Of course, you can use more powerful diodes of other types, but then they will have to be installed outside the switch. A properly selected diode serves almost unlimited time.
Now let's look at one more question. How to be one if there is a general switch in the house for the entire entrance? In this case, install one high power diode.
It is mounted on a metal corner, screwed to the wall next to the switch with screws, and closed with a casing with vents.
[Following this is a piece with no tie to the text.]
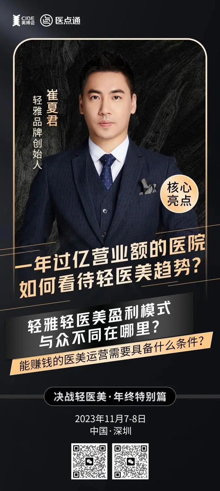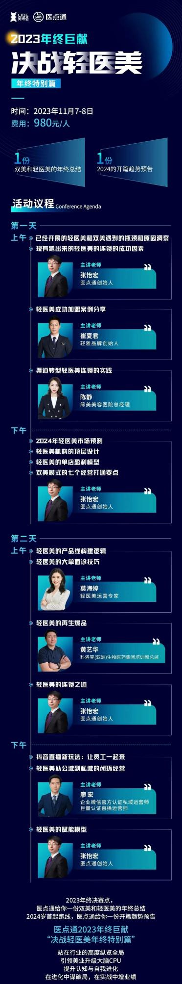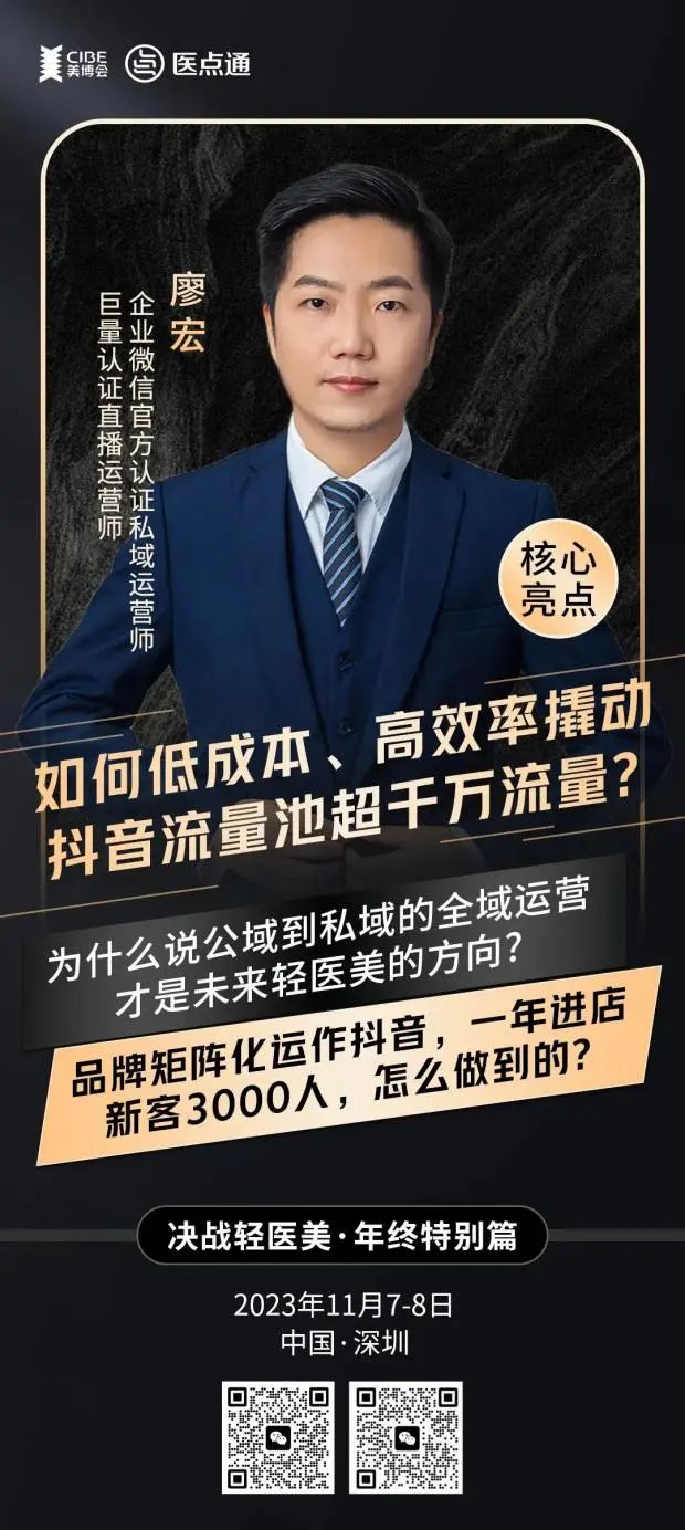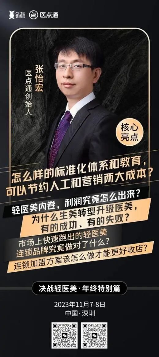 曾任三家上市医美机构总经理或院长,拥有多年直客及渠道全盘操作经验,担任多个医美国际论坛主席的医点通管理咨询创始人张怡宏先生《现有跑出来的轻医美的连锁的成功因素》《2024年轻医美市场预测》《轻医美机构的顶层设计》《轻医美的单店盈利模型》《双美模式的七个经营打通要点》《轻医美的连锁之道》等演讲分享,用全局视野多维输出十几年来扶持上千家机构的智慧精髓,解析底层逻辑,让机构明晰成功路径,助力标准化、系统化提升与裂变。

Recommended types of diodes: KD202M, H, P or C, KD203, D232-D234, D246-248 with any letter index.
When choosing the type of diode, remember that its maximum permissible operating current (specified in the semiconductor device's passport) must exceed by 20-25% the total current consumed simultaneously by all the lamps belonging to this switch. If the diode allows the current of all the bulbs (it is not difficult to calculate it by dividing the total power of all lamps by 220V), it should not exceed 4A.
And the last thing: when connecting an additional lamp or diode, do not forget that you are dealing with a high voltage, which is a danger to your life. Therefore, be sure to de-energize the line, and only then start working. All the best.